Spalding, who played violin for the Chamber Music Society of Oregon from ages 5 to 15, exploded into adolescence by switching to the stand-up bass and playing blues, funk and hip-hop. Two years later, she was studying at Berklee College of Music in Boston, where she eventually became the youngest faculty member in the history of the school at age 20.


“Most people know me as a bass player for various other people,” said Spalding, who has worked with jazz standouts Michel Camilo, Pat Metheny and Joe Lovano. “But I’d begun performing my own music with a pop band called Noise for Pretend. They’d say, ‘Esperanza, can you just do some lyrics for this?”’

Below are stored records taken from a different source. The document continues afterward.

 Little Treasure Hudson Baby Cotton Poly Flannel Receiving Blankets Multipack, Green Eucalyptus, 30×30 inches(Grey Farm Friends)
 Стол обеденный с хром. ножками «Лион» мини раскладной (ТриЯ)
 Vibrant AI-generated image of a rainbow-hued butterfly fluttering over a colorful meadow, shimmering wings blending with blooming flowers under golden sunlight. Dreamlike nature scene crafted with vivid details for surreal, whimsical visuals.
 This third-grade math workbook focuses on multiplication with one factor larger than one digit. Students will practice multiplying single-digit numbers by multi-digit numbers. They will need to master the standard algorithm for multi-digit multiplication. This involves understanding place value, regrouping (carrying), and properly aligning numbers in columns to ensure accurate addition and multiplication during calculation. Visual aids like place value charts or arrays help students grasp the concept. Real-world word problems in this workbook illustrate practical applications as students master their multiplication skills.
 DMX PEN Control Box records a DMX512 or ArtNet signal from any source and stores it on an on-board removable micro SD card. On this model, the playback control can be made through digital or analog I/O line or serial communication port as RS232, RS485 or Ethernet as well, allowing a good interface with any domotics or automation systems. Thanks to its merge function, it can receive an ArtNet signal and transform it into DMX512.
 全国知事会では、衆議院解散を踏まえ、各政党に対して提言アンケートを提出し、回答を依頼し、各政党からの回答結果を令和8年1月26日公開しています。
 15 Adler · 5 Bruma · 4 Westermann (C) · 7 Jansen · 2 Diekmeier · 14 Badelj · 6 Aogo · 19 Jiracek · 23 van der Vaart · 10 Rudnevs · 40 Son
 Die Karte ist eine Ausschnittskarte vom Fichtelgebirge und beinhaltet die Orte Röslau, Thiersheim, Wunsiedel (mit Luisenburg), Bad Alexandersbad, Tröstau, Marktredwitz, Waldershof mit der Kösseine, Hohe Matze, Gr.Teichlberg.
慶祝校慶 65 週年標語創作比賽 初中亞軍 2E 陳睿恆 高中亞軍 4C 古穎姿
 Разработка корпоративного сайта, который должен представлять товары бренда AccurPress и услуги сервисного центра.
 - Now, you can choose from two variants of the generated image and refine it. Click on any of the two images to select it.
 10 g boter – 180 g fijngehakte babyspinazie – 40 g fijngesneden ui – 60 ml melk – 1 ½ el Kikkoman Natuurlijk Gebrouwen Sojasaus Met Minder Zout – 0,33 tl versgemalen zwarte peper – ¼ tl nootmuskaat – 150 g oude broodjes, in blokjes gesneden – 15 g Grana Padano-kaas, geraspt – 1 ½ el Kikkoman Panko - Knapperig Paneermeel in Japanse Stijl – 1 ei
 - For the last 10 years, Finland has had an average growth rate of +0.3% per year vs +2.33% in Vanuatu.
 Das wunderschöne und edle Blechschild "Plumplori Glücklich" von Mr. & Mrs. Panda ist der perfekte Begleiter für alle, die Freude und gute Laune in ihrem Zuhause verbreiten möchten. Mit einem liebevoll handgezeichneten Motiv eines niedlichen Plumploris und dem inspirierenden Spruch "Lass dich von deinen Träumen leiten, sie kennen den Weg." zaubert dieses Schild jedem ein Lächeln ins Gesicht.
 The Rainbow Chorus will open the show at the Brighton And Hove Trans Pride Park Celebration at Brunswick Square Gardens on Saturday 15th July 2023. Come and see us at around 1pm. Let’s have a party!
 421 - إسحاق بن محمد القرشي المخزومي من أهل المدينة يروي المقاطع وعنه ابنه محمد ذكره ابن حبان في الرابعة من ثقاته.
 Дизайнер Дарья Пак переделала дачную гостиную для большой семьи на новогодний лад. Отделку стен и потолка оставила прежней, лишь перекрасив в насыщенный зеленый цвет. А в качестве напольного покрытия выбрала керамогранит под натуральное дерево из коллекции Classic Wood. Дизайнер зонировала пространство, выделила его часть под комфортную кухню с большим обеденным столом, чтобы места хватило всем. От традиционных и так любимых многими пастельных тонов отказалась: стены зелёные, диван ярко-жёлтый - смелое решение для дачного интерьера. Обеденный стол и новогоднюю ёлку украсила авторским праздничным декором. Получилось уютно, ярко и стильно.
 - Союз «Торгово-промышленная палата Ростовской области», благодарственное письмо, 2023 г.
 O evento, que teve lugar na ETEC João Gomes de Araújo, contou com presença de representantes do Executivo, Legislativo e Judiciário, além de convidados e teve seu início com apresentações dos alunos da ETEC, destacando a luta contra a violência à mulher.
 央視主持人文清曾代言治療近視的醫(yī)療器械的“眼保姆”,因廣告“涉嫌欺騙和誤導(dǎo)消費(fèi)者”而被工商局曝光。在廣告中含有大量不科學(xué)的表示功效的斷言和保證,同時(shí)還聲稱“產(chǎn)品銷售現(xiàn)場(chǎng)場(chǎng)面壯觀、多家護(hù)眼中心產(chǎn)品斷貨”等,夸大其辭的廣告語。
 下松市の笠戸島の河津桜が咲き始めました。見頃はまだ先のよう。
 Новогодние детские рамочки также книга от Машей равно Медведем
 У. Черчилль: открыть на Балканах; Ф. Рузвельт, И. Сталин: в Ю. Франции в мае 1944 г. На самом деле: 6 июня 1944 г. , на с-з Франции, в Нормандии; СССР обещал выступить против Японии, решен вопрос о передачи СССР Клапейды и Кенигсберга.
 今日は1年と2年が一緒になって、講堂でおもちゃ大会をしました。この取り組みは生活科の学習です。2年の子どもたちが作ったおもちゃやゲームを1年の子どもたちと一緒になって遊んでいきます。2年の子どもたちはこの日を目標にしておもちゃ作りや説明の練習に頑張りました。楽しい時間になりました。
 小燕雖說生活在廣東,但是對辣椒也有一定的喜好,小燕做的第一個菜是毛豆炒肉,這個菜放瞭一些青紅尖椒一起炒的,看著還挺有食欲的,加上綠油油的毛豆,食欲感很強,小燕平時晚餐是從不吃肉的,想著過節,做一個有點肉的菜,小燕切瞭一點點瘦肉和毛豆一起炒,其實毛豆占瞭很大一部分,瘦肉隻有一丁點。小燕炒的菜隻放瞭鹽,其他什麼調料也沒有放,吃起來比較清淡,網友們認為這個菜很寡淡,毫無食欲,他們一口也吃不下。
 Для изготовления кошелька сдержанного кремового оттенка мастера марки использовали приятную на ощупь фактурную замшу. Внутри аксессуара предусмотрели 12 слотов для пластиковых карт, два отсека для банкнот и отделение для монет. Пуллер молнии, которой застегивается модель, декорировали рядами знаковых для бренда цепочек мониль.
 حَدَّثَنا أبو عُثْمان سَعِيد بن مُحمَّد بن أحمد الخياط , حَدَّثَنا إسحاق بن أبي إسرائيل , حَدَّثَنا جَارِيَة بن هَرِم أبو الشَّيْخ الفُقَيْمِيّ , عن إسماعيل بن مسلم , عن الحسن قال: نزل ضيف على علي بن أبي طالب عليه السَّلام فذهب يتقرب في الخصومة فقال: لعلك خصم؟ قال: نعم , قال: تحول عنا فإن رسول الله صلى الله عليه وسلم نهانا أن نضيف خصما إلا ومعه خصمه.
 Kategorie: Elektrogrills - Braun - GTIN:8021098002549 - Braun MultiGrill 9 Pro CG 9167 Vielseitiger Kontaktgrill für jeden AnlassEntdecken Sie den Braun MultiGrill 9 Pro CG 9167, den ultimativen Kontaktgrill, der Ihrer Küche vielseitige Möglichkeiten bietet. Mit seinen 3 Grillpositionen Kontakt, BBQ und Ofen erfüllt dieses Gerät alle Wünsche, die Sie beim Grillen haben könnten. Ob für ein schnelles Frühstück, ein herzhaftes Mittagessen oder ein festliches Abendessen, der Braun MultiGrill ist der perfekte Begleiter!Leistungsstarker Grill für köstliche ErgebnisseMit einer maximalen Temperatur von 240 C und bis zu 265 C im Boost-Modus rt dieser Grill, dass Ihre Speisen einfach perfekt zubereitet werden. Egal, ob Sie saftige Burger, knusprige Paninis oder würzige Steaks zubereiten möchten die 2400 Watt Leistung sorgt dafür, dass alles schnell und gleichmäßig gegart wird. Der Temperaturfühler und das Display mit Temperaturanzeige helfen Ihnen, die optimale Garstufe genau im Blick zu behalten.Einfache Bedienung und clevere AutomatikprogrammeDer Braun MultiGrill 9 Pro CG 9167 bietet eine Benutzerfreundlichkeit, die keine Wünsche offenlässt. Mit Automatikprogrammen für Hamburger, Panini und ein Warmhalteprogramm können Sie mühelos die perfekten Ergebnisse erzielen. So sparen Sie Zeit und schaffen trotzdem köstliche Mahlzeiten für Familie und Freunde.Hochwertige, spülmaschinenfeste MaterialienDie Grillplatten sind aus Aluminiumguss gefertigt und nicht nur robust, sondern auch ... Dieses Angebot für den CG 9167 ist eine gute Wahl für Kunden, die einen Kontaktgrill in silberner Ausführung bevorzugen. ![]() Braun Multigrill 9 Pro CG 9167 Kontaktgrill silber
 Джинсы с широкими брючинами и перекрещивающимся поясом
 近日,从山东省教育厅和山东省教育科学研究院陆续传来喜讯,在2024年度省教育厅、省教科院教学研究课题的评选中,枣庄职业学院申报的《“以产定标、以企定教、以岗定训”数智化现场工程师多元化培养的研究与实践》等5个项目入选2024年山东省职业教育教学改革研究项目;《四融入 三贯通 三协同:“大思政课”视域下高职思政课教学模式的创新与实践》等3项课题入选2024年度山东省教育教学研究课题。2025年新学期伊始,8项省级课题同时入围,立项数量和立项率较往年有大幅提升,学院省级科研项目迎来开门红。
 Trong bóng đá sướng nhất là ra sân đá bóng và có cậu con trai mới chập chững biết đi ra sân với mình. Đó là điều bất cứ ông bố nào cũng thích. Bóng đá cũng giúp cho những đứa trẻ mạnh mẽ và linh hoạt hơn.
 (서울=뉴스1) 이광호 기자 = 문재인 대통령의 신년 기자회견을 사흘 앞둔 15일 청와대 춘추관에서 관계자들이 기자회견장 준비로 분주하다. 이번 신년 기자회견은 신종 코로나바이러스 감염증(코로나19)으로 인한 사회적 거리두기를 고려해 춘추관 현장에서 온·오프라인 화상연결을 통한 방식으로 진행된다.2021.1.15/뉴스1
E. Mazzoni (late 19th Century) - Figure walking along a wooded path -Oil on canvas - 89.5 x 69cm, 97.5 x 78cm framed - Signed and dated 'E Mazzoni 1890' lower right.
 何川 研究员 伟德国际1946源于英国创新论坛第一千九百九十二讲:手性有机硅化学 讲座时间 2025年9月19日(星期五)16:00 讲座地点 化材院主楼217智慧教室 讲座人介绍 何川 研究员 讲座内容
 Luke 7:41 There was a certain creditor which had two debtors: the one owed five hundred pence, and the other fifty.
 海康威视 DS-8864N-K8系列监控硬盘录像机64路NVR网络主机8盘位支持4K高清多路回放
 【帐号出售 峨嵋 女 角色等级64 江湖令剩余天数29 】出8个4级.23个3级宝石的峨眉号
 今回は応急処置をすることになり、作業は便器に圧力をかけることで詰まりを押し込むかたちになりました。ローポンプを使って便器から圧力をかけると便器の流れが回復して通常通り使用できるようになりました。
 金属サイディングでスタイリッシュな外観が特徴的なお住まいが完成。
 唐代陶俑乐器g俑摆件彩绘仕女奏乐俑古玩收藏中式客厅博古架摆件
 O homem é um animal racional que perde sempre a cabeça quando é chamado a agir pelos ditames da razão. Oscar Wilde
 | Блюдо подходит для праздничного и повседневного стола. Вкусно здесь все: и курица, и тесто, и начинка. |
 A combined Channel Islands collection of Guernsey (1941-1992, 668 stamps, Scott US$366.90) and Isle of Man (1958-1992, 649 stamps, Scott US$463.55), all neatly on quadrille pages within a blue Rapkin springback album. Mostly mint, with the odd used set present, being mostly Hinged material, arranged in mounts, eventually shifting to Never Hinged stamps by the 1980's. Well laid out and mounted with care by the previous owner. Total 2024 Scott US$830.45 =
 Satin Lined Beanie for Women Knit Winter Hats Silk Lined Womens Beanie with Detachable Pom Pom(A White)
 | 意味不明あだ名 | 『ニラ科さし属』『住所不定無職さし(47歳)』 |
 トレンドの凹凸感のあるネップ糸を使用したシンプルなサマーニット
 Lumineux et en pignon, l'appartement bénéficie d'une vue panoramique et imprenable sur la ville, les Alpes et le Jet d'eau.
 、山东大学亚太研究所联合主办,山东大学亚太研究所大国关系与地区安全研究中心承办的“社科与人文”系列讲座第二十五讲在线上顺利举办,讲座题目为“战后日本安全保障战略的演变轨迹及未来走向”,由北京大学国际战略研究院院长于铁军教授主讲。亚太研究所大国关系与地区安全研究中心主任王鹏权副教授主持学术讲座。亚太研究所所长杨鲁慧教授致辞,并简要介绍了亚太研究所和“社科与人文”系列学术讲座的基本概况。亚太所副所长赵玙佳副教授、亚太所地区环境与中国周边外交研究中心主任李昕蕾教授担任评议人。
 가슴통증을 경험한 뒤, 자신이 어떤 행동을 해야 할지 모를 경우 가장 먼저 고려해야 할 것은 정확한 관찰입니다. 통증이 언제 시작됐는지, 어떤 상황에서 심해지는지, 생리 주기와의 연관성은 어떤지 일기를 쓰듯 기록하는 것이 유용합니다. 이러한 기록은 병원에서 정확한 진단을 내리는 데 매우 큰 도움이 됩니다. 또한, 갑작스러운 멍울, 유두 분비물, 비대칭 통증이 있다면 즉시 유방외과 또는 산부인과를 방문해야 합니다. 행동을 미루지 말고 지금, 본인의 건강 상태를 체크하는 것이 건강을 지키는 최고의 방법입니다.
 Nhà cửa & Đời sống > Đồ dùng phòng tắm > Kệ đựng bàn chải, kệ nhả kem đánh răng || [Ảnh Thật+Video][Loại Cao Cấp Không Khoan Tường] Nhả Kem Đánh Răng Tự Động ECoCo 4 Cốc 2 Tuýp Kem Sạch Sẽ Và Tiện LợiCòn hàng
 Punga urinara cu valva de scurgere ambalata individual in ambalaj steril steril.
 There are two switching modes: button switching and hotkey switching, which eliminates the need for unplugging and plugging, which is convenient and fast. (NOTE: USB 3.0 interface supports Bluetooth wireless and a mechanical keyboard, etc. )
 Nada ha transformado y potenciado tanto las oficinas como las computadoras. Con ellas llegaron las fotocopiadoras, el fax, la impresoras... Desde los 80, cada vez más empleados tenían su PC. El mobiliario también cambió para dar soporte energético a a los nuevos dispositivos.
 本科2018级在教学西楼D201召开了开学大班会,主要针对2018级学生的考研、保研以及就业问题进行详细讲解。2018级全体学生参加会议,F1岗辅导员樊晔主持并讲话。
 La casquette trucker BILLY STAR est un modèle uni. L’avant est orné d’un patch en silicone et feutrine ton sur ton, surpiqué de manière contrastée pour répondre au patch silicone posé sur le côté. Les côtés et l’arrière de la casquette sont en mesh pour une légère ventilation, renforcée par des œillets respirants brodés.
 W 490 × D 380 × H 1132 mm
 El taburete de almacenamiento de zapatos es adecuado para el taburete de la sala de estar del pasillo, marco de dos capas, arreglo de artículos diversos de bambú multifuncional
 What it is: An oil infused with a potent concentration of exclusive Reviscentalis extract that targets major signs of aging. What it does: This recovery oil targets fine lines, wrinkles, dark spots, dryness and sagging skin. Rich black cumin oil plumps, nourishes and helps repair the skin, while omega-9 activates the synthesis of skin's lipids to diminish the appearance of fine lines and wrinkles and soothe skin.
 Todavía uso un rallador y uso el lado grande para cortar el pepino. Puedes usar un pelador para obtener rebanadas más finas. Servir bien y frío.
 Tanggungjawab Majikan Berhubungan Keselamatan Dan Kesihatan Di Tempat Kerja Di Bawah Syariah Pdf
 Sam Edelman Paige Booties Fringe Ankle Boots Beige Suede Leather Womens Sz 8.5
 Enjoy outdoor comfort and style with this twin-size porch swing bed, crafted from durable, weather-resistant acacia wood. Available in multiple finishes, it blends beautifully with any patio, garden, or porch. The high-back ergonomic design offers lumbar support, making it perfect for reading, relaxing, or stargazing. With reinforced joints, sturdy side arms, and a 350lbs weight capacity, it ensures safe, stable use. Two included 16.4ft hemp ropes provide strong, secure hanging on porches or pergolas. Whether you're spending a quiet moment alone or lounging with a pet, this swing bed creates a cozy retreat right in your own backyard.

Spalding’s contemporary fusion includes strong Latin and Brazilian influences. She was inspired by Milton Nascimento’s vocals to record “Ponta de Areia,” the Brazilian classic made famous by Wayne Shorter. She also sings a Spanish-language version of the jazz standard “Body and Soul” and returns to Portuguese on Baden Powell’s “Samba em Preludio.”


“I have Hispanic roots,” she explained. “My mother was from Southern California and had some Hispanic background; my nanny was Cuban and I picked up a lot of Spanish from her.”


But one of the most impressive quirks to Spalding’s act is her improvisatory melodic scatting, influenced by hip-hop MCs. She flaunts it on “She Got to You,” which she recently performed on the “Late Show With David Letterman.”


“I want to get people excited even if they don’t know me or anything about jazz,” Spalding said. “I’d love to sit in with people like Herbie Hancock or Pat Metheny, but I would love to collaborate with Questlove of the Roots or Andre 3000,” she said, still refusing to be categorized.